Привилегия выживания. Часть 1 (СИ) - Шаханов Алексей Игоревич (книги полностью .TXT) 📗
Но чаще всего ты погружаешься в воспоминания, смотришь хреновое кино про самого себя. Память у меня отличная, так что этих гребаных фильмов целая коллекция, большую часть из которых я бы при первой возможности сжег.
Первые несколько месяцев перед глазами постоянно всплывала нормальная жизнь, просто какие-то яркие моменты из далекого прошлого, или даже целые истории, но постепенно их почти полностью вытеснили кровь, грязь и смерть.
Меня вдруг кольнуло осознание того, что родителей я вспомнил прошлой ночью первый раз за год, наверное, если не больше. И в тот момент воображение уже не было в состоянии нарисовать их лица.

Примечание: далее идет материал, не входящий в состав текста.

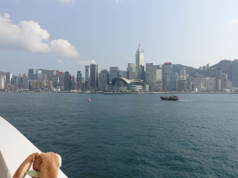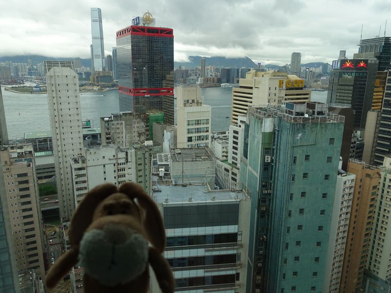 Wir sind in Hong Kong angekommen und wohnen im 35. Stock mit Blick auf den Hafen,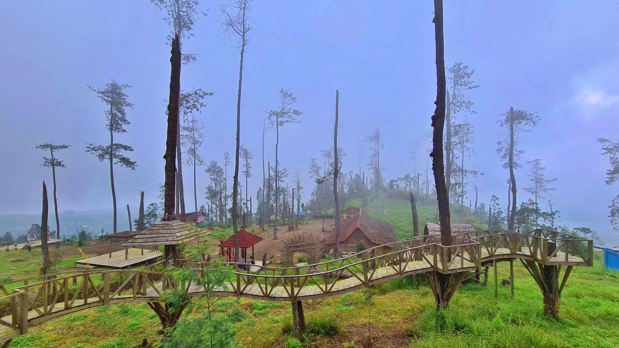 - Menara pohon, spot ini berada di pohon pinus dengan dua papan bersebelahan yang dapat digunakan sebagai pijakan dengan kota Magelang menjadi latar belakangnya.

Предыдущая жизнь стала казаться такой далекой, как будто я наблюдал за ней через мутное стекло, как будто все это происходило с кем-то другим.
Выживание неуклонно требовало поступательного некроза личности. И до какого-то времени платить такую цену становилось все сложнее. Уверен, что я бы быстро сдался, если бы не Смоукер. Он казался абсолютно непрошибаемым, даже в тех ситуациях, когда про свою человеческую природу необходимо было забыть, Смоукеру без видимого труда давались тяжелые решения, не разрывая его при этом по частям. Это придавало мне сил.
Впрочем, после встречи с Алисой я осознал, что с ним творился такой же, если не больший пиздец. Он не сломался, конечно, иначе я бы понял, но был на грани и схватился за соломинку. Последний шанс хоть на какую-то долю остаться человеком. Он все еще боялся переступить ту черту, которую, по моему мнению, мы пересекли уже черт-те когда.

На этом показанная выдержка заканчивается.